The arrest of Dominique Strauss-Kahn left his country’s media in a French twist yesterday.

While French politicians demanded “prudence” until all the facts emerge, the scandal involving the International Monetary Fund chief dominated front pages and television news as pundits predicted it could destroy the Socialist Party’s chances at capturing the presidency next year.

An editorial in the Paris daily Libération titled “A Huge Waste” noted that if Strauss-Kahn is found guilty, his exit from the race would “[throw] dynamite on the entire campaign.”

The accusations come on the eve of a Socialist primary, and the latest polls show he is the front-runner.

Le Figaro, one of the nation’s largest dailies, used a photo essay to seemingly draw parallels between Strauss-Kahn and the sexual escapades of Italy’s prime minister, Silvio Berlusconi, and former US President Bill Clinton.

The newspaper, which devoted nine stories on its Web page to the scandal, asked its readers to vote online on whether they thought Strauss-Kahn’s political career is over.

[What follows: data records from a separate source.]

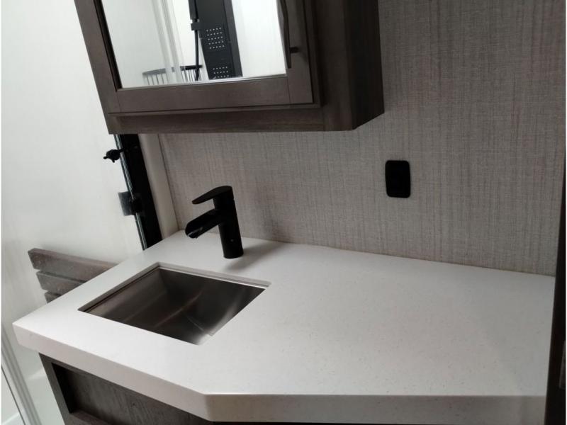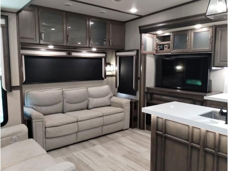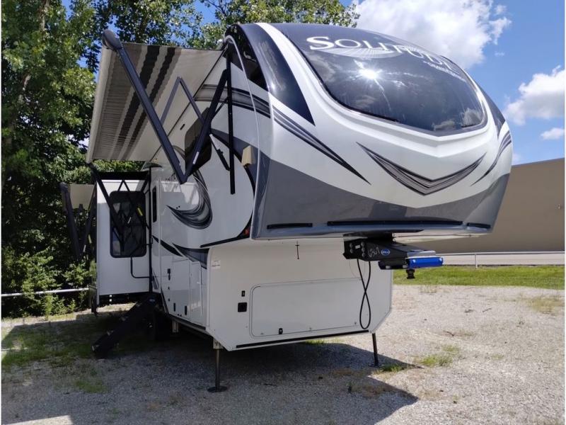 With any Solitude fifth wheel by Grand Design, you will get maximum insulation from the thermal roof design, the exclusive fully laminated walls, the triple insulated main floor, the Rail-Tite underbelly seal, the insulated gooseneck and the insulated baggage doors. The MORryde rubber pin box system utilizes a unique rubber shear spring to positively deal with rough towing and road shock, the Tire Linc TPMS system monitors pressure and temperature, and the 6-point hydraulic system allows you to setup easily. And the upgraded shower system, the hardwood window valances, the oversized kitchen pantry, the window above the master bed headboard, and the Rockford Fosgate stereo entertainment system with HDMI and App controls are a few more reasons you will love these extended-stay fifth wheels!
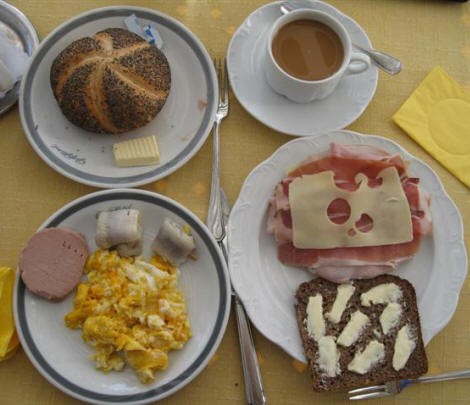 At 9:40, I got a table on the patio and got my breakfast. It was the usual buffet-style breakfast and I had Petrusquelle bubbly water, coffee, a Kaiser roll, scrambled eggs with liverwurst and a sandwich of ham and cheese on dark rye bread. It was pretty good.
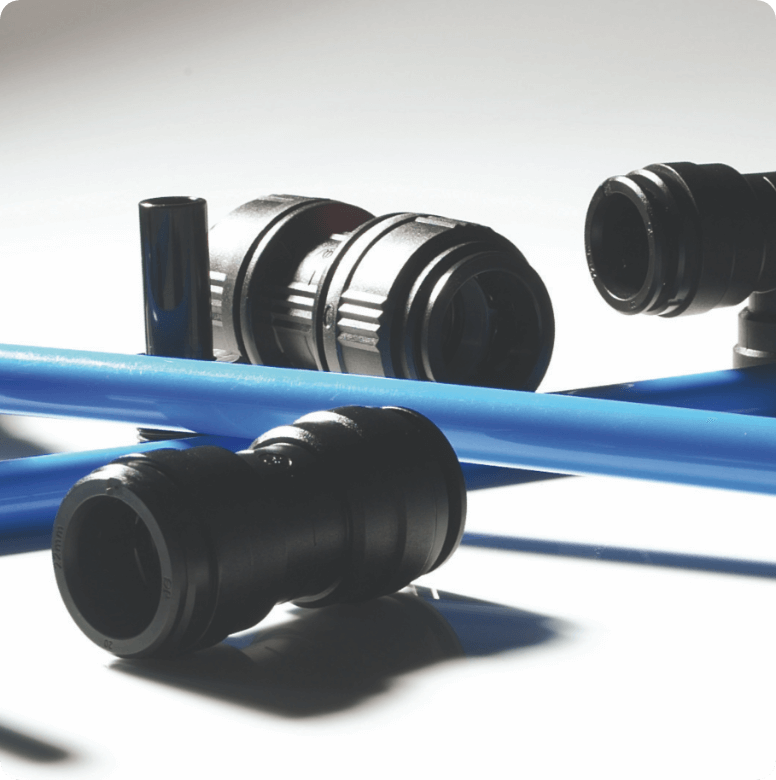 Dwa systemy złączy – z tworzywa, z mosiądzu. Seria złączy z tworzywa o średnicach fi 15mm do fi 28mm przeznaczona do rur z miedzi, Alu i tworzywa. W ofercie rury z poliamidu w zwojach i sztangach oraz Alu (sztangi). System modułowy, oszczędza czas i można go w dowolnym czasie modyfikować. „SharkBite Air” - nowy system złączy z mosiądzu w zakresie średnic od 15mm do 54mm! Większe średnice to znacznie większe przepływy. To także znakomite rozwiązanie dla przemysłu, gdyż teraz możemy zaoferować ponad 8 krotnie większy przepływ
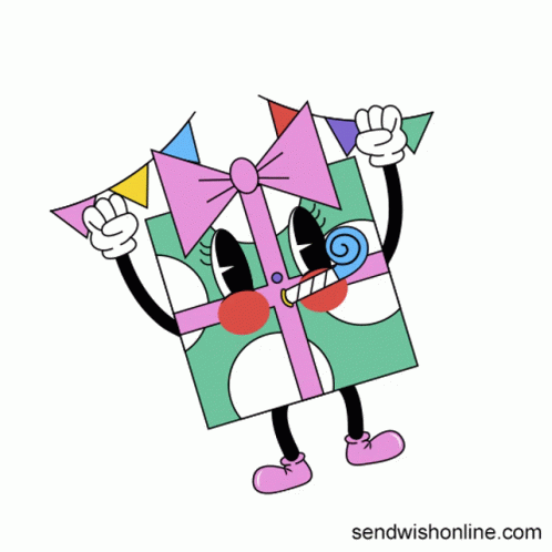 A cheerful cartoon gift box with arms, legs, and a bow, holding party banners and a noisemaker, celebrating a birthday.
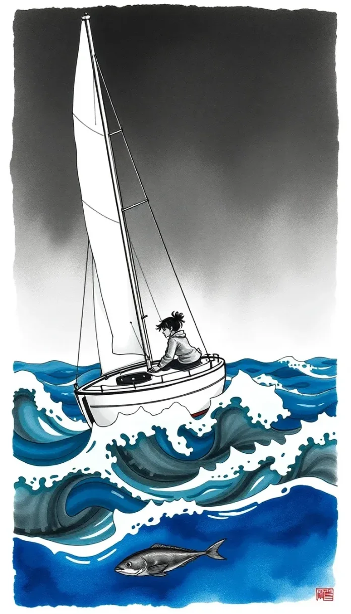 Chaque crépuscule, alors que la lumière déclinait lentement derrière l’horizon, Camille se retrouvait seule sur son voilier, bercée par le doux murmure des vagues. La mer, autrefois source de réconfort, s’était transfigurée en un oracle, lui dévoilant des visions troublantes d’un monde à la dérive. Chaque soir, les échos de l’océan semblaient résonner plus fort, des plaintes de créatures marines perdues dans un océan de déchets, des plages souillées qu’elle reconnaissait, auparavant propices à la vie.
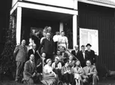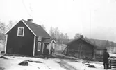 Sittande längst ner "Nitaho-Jussi" Johannes Johansson, bakom honom Holger Jansson. Stående på bortre verandan Halvar Halvarsson.
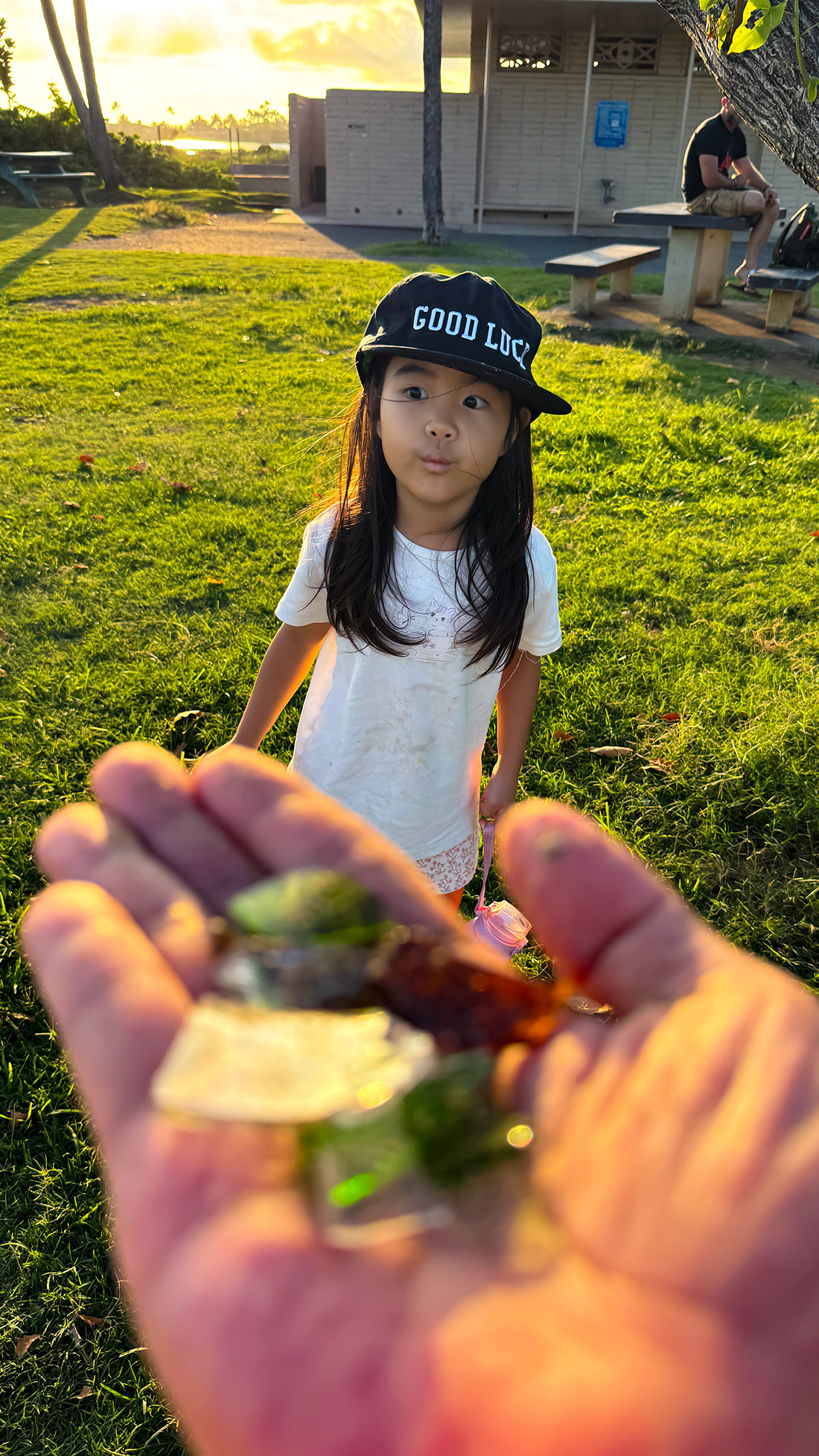 娘とビーチを散歩中、またもやビーチにガラスの破片が散乱していました。たかだか50メートル範囲に、大少様々いっぱいのガラス片を見つけました。海に磨かれたシーグラスではなく、尖った鋭利なガラス片です。裸足で歩ける遠浅が特徴的なクリオウオウビーチなので、ビーザン履いて歩いている人など一人もいないビーチ。平然とルールを破るのは大人だよなぁ。
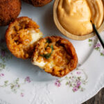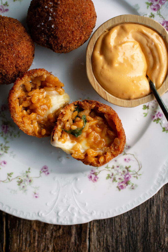 A celebratory dish to ring in the new year: arancini with calabrian chili aioli. Arancini are fried balls of risotto, a classic Italian appetizer. This risotto is flavored with tomato, basil, and parmesan cheese. It’s stuffed with mozzarella, rolled into balls, and fried until golden. Served with the spicy aioli for dipping!
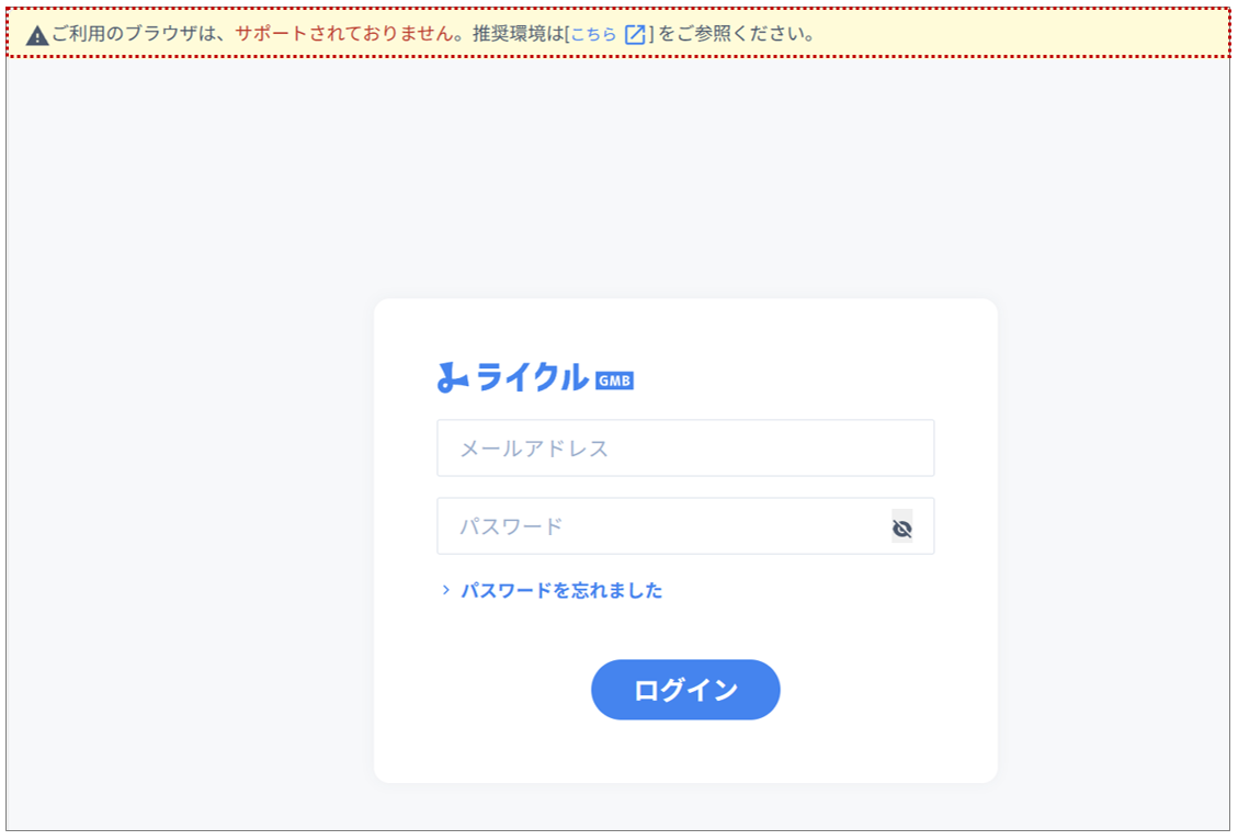 ライクル管理画面の推奨環境 2024年01月17日 13:02 更新 推奨環境 ライクル管理画面を推奨環境外のデバイスやブラウザで表示した場合、画面上部に「サポートされていない」という旨の表示がされます。 ライクル推奨環境open_in_new に記載されているデバイスやブラウザをご利用ください。 関連記事 「店舗マスタダウンロード機能リニューアル」のお知らせ
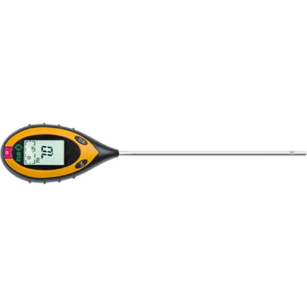 Измеритель параметров почвы 4в1 FLO 89000 позволяет измерить четыре значения: влажность почвы pH почвы температуру почвы интенсивность освещения Прибор оснащен зондом длиной 20 см и четким ЖК-дисплеем для удобного считывания данных. Имеет функцию автоматического отключения, которая помогает экономить заряд батареи. Внимание! Если зонд не помещён в землю, будет отображаться температура окружающей среды.
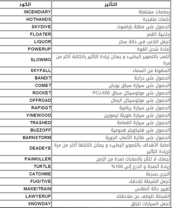 كلمات سر لعبة Gta كاااملة وكل شيفراتها
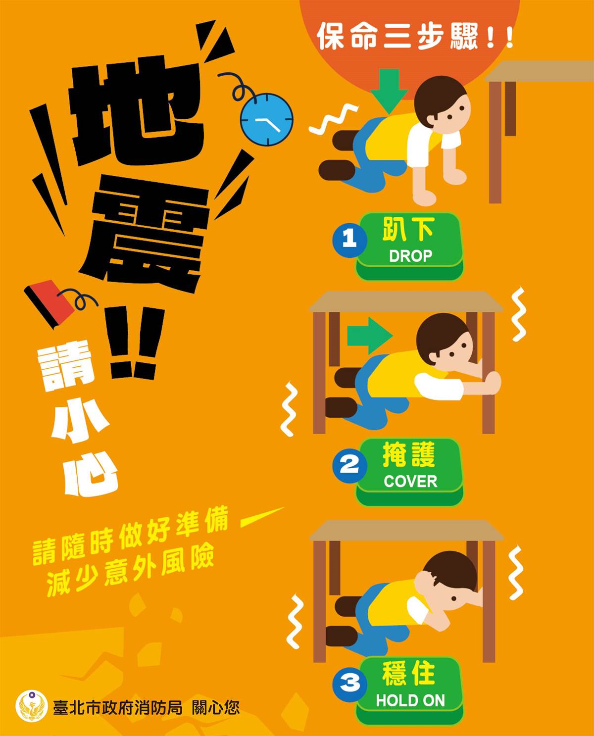 趴下、掩護、穩住:躲在堅固桌子下,抓緊桌腳,保護頭部與頸部。
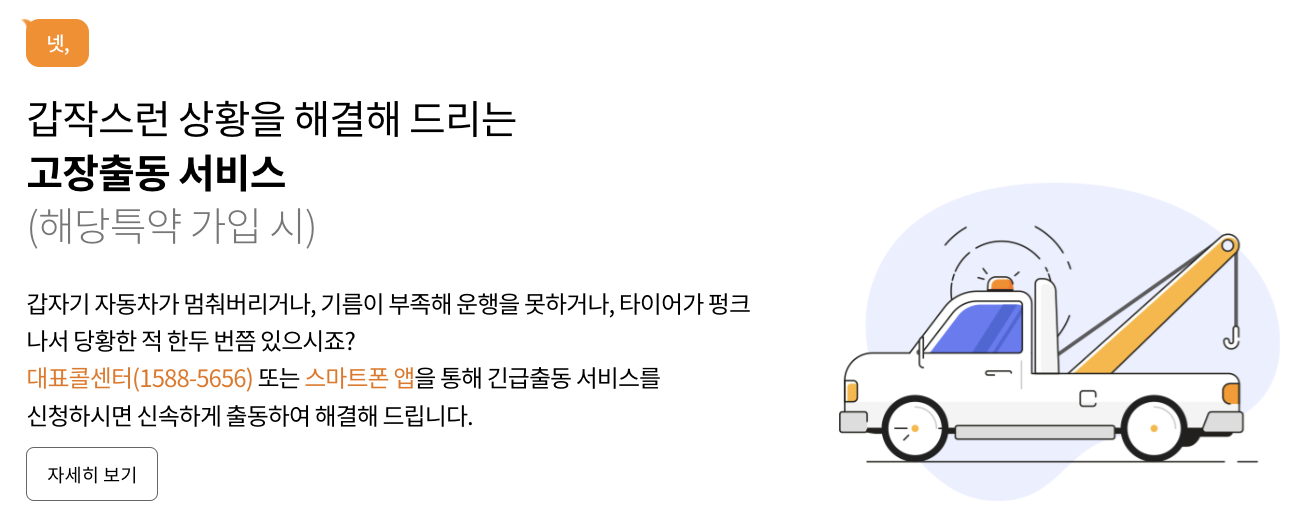 - 긴급견인 서비스: 사고 또는 고장으로 차량 운행이 불가능한 경우, 가까운 정비소까지 견인해 드립니다.
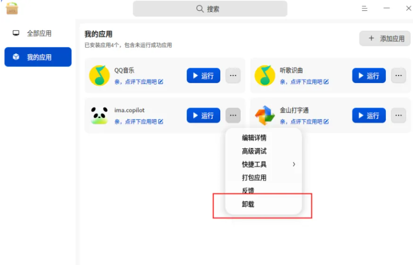安装完成后,应用将出现在“我的应用”中,可在此或“全部应用”列表内启动、调试或卸载。如果当前安装的应用缺少依赖,安装面板会提示缺失项,只需按照提示安装依赖即可。
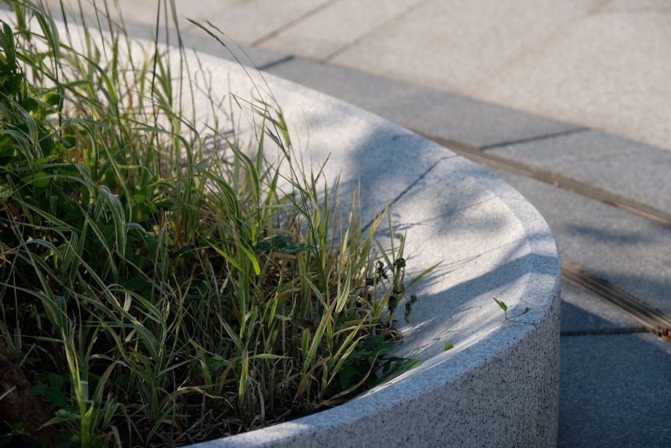 其次,分布在其间的椭圆形树池采用传统元宝造型,并将周边的铺装也做成渐渐向外扩散的椭圆形,让平面构成的弧线更自然的融入场地之中。在这里所有的植被都被明确的界定,最大限度的确保空间构成的可控性,同时也让树池成为空间造型的一部分。此外,场地铺装采用相对小尺度的石材拼装,尽可能的回避因造型加工而出现的高额造价,营造整体单一局部变化而略显繁琐的大小组合的大效果。
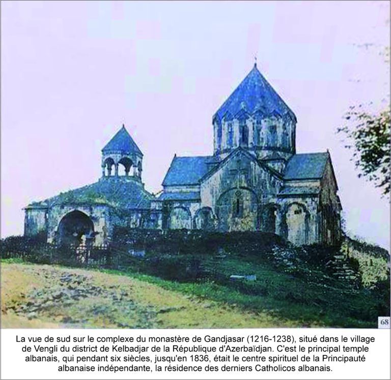 La destruction (ou la dissimulation) d’archives a permis aux historiens et archéologues arméniens de nier la nature autocéphale de l’Église albanienne, l’appartenance albanienne des temples, monastères et églises chrétiens situés sur le territoire de l’actuelle région du Karabagh, et de prétendre qu’ils sont le patrimoine culturel du peuple arménien et la propriété de l’Église arménienne. À cet égard, les scientifiques arméniens accordent une attention particulière au principal site culturel de la région du Karabagh – le monastère de Gandjasar, en le présentant à tort comme arménien. Malheureusement, la presse française se fait l’écho aujourd’hui de ces conclusions erronées des scientifiques et des politiciens arméniens.
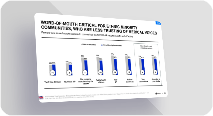FEB WORD-OF-MOUTH CRITICAL FOR ETHNIC MINORITY COMMUNITIES, WHO ARE LESS TRUSTING OF MEDICAL VOICES Percent trust in each spokesperson to convey that the COVID-19 vaccine is safe and effective White communities Ethnic Minority Communities Most likely to trust immediate network 72% 79% 77% 75% 69% 71% 69% 66% 67% 67% 58% 58% 46% 41% 41% 40% +1 -5 -11 -14 -14 -10 -4 -6 The company Public health Your Medical Your A member of The Prime Minister Your local MP manufacturing the officials GP academics closest friend your family vaccine 2021 Edelman Trust Barometer UK supplement. Please indicate how much you trust each of the following people in convincing you that the COVID-19 vaccine is safe and effective? 9 point scale; top 4 Box, trust. Base UK. Ethnic Minority Communities (217), White (1,799) 26
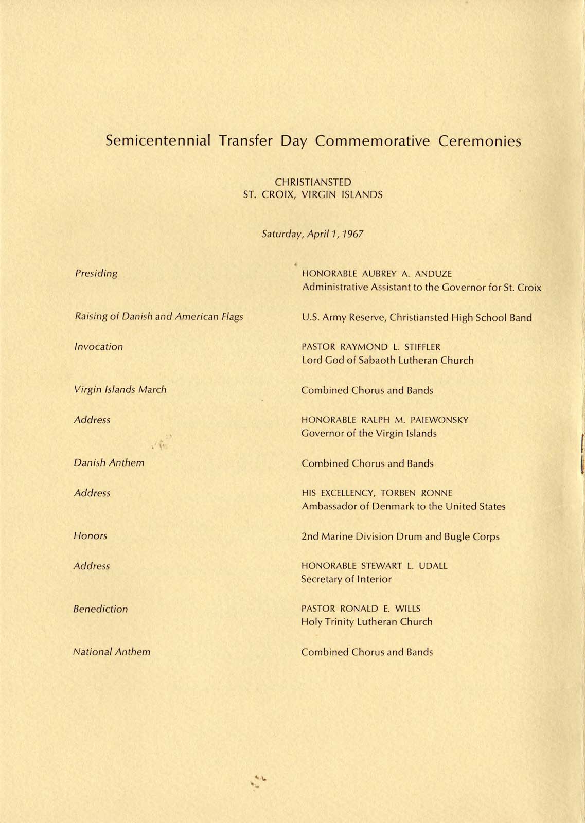 Danish West Indies (D.W.I.) to the United States. At the current VI Legislature, Charlotte Amalie, St. Thomas." The photo is courtesy of
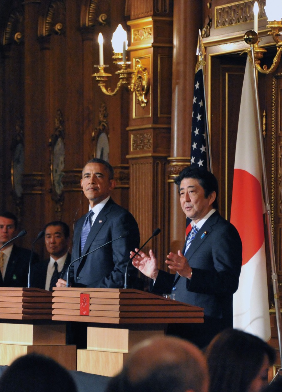 Attending a reception featuring Japanese cuisine with French President François Hollande during a visit to France, May 2014.
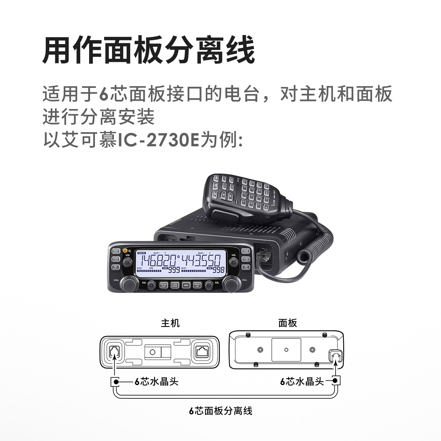 为您提供商品手咪延长线 适用八重洲艾可慕即时通车载电台 面板分离线 6芯圆线的详细介绍,

The weekly social democrat magazine Le Nouvel Observateur suggested in an editorial that darker forces may be at work amid the accusations, noting that “certain people are already speaking of a political trap.”

The paper said news of the alleged sexual assault first broke on Twitter in a posting from Jonathan Pinet, a young member of the Union for a Popular Movement, the party backing current French President Nicolas Sarkozy.

Meanwhile, the main headline in the online version of Le Point, France’s most influential news magazine, asked its readers: “Who profits from the DSK Scandal?”

Strauss-Kahn, France’s ex-finance minister and a candidate in the 2006 Socialist presidential primaries, had been expected to resign his post as IMF chief and run in next year’s presidential elections.